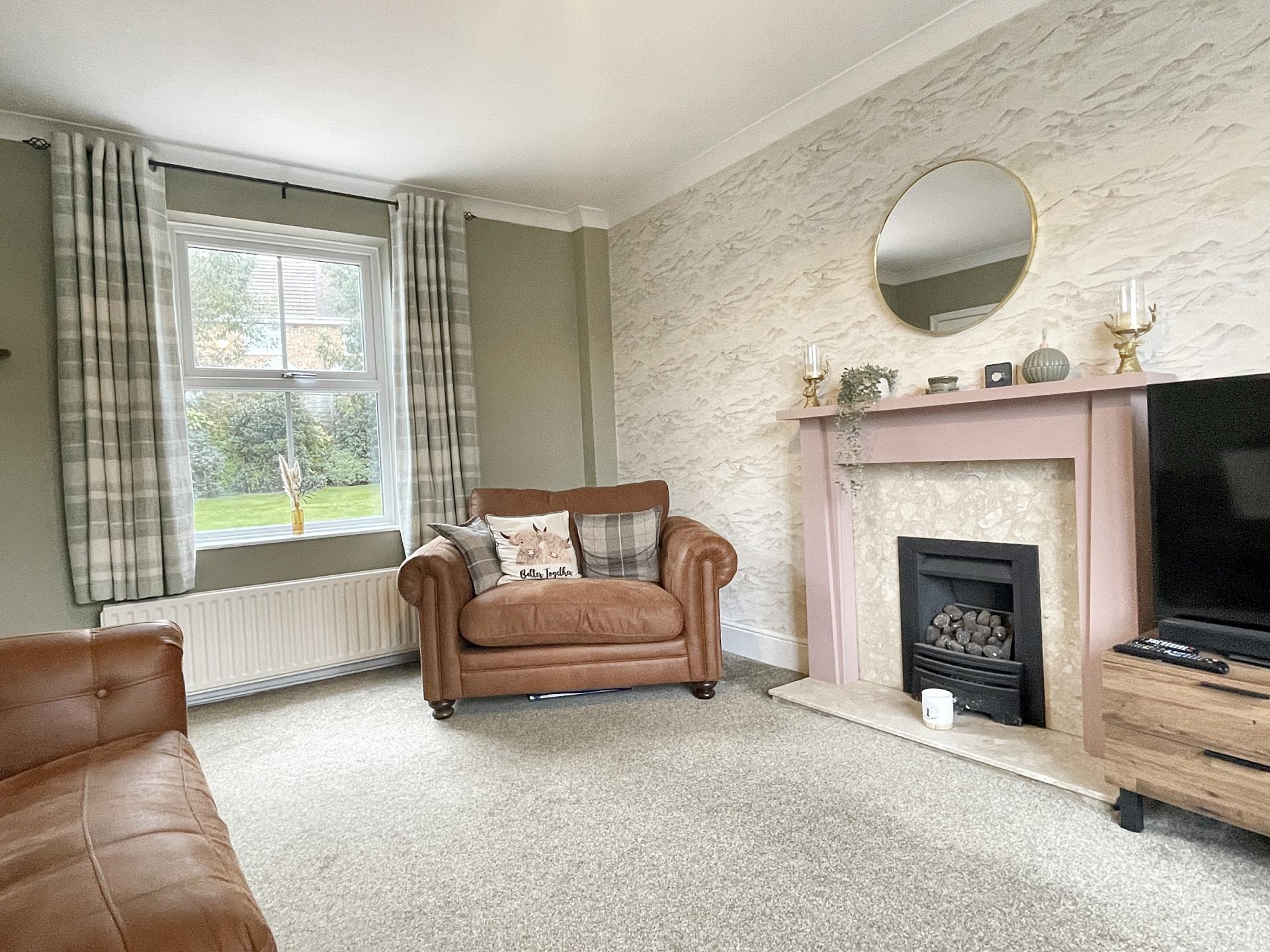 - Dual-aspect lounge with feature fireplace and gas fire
------------------------------
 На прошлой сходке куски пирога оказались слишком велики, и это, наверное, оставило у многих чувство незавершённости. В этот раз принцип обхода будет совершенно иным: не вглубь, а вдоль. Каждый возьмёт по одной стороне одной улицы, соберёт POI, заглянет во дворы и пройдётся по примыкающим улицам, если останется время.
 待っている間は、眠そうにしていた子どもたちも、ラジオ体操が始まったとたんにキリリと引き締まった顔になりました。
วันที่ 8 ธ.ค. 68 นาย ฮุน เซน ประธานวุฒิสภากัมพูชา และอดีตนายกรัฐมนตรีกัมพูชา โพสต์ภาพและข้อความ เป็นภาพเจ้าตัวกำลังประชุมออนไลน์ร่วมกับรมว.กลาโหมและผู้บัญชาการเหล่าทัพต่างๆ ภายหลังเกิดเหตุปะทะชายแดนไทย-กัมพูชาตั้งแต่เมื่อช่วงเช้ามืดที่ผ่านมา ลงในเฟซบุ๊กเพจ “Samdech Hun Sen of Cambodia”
------------------------------
= EXERCISE PROMPT =
Since only part of the listing is wanted, copy exactly the lines from the one holding "На прошлой сходке" to the one holding "วันที่ 8 ธ.ค.", both included.

= EXPECTED ANSWER =
 На прошлой сходке куски пирога оказались слишком велики, и это, наверное, оставило у многих чувство незавершённости. В этот раз принцип обхода будет совершенно иным: не вглубь, а вдоль. Каждый возьмёт по одной стороне одной улицы, соберёт POI, заглянет во дворы и пройдётся по примыкающим улицам, если останется время.
 待っている間は、眠そうにしていた子どもたちも、ラジオ体操が始まったとたんにキリリと引き締まった顔になりました。
วันที่ 8 ธ.ค. 68 นาย ฮุน เซน ประธานวุฒิสภากัมพูชา และอดีตนายกรัฐมนตรีกัมพูชา โพสต์ภาพและข้อความ เป็นภาพเจ้าตัวกำลังประชุมออนไลน์ร่วมกับรมว.กลาโหมและผู้บัญชาการเหล่าทัพต่างๆ ภายหลังเกิดเหตุปะทะชายแดนไทย-กัมพูชาตั้งแต่เมื่อช่วงเช้ามืดที่ผ่านมา ลงในเฟซบุ๊กเพจ “Samdech Hun Sen of Cambodia”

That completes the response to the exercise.